Research Problem
A major limitation of current human-AI collaboration systems is their ability to handle complex decision-making problems that involve combinatorial optimisation. In this context, this project aims to establish natural language as a robust interface for trustworthy AI-human interactive optimisation, ensuring that human-AI collaboration is robust, trustworthy, and practically deployable. This involves ensuring that the AI system

  1. Formulates combinatorial optimisation problems from the imprecise, ambiguous, error-prone, or overly ambitious natural human language. 
  2. Ensures robust AI-assisted optimisation, effectively handling the generated optimisation instances across diverse conditions. 
  3. Returns explainable language feedback to users that explains decision-making results and rationale to enhance transparency and foster trust. 

Proposed Approach
To formulate combinatorial optimisation problems from imprecise, ambiguous, error-prone, or overly ambitious natural human language, the framework first assesses whether the user input can be feasibly translated into a combinatorial optimisation problem formulation using auto formalisation techniques, iterating with the user to identify potentially missing or conflicting information. The formulated problem is validated for correctness using a voting mechanism and automatic unit testing. 
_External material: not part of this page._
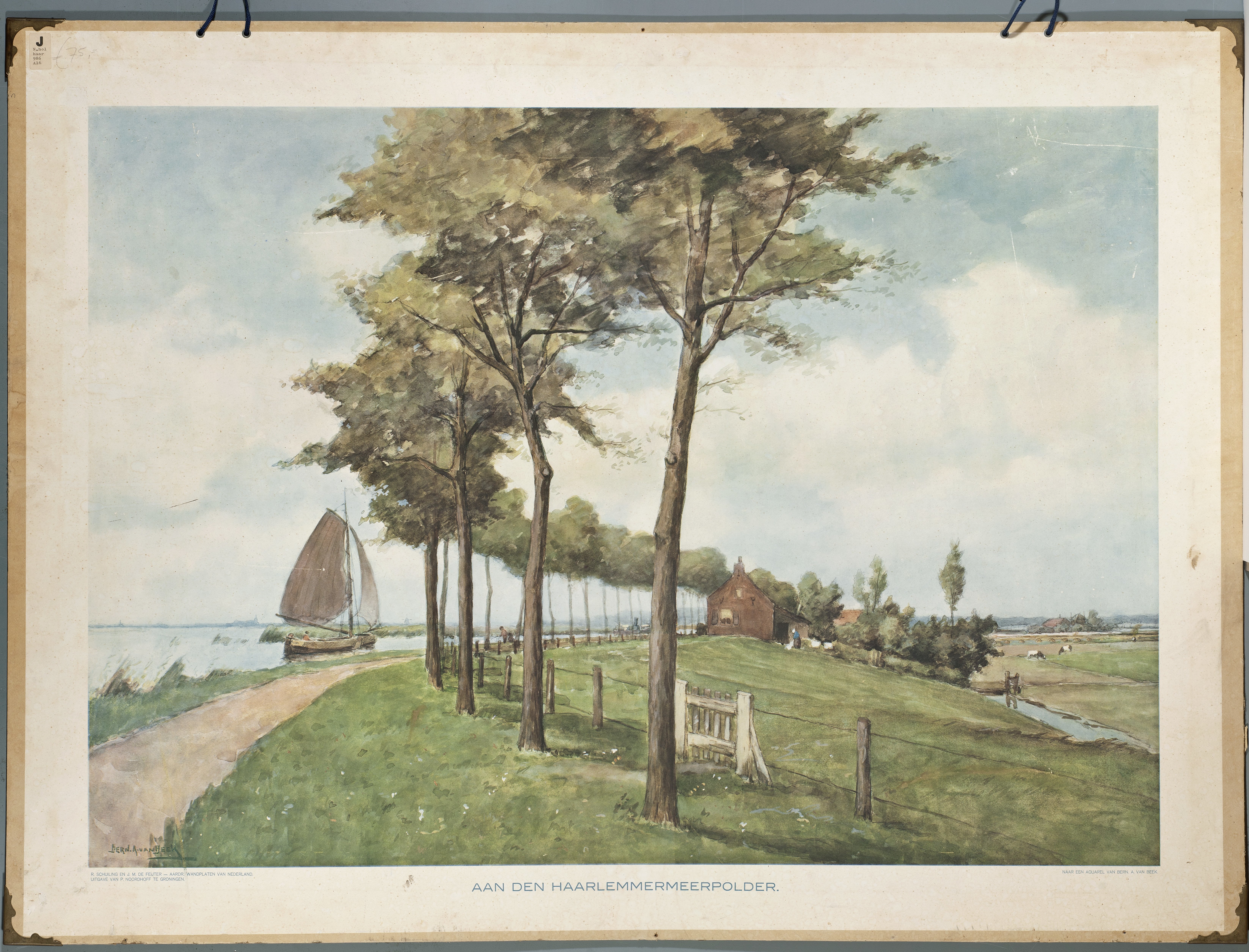 “Aan den Haarlemmermeerpolder”, schoolplaat naar een aquarel van Bern. A. van Beek met daarop een landschap met een dijk, een boot en een boerderij aan de polder, ca. 1920-1930. Collectie Provinciale Atlas, Noord-Hollands Archief.

To ensure robust AI-assisted optimization, a foundation model with unified representation learning that systematically encodes combinatorial optimisation problem instances will be developed, ensuring consistency and adaptability across diverse problem settings. A novel adaptive solver selection framework that integrates multiple solving algorithms will also be developed and paired with a dynamic algorithm selection method that adaptively chooses the most suitable solver for a given problem instance. 

To return explainable language feedback to users that explains decision-making results and rationale to enhance transparency and foster trust, the internal representations of neural combinatorial optimisation models will be analysed using systematic probing techniques. The decision concepts embedded in deep neural combinatorial optimisation models will also be studied using a concept-based interpretability approach that leverages higher-level abstractions more aligned with human reasoning. 

Figure 1: Overall framework of human-AI combinatorial optimisation with language interfaces.

Project Outcomes
This project will develop robust, trustworthy, and interpretable AI-assisted optimisation tools, enabling industries such as logistics, manufacturing, and finance to solve complex problems more efficiently, reducing costs, enhancing productivity, and minimising resource consumption. Additionally, it will support personal planning applications, such as intelligent calendar assistants, empowering individuals to manage tasks more effectively. In the long term, this research will establish the foundation for chat-based human-AI collaboration systems, advancing trustworthiness, robustness, and explainability to foster more general AI adoption and enable smarter, more trustworthy AI decision-making and planning.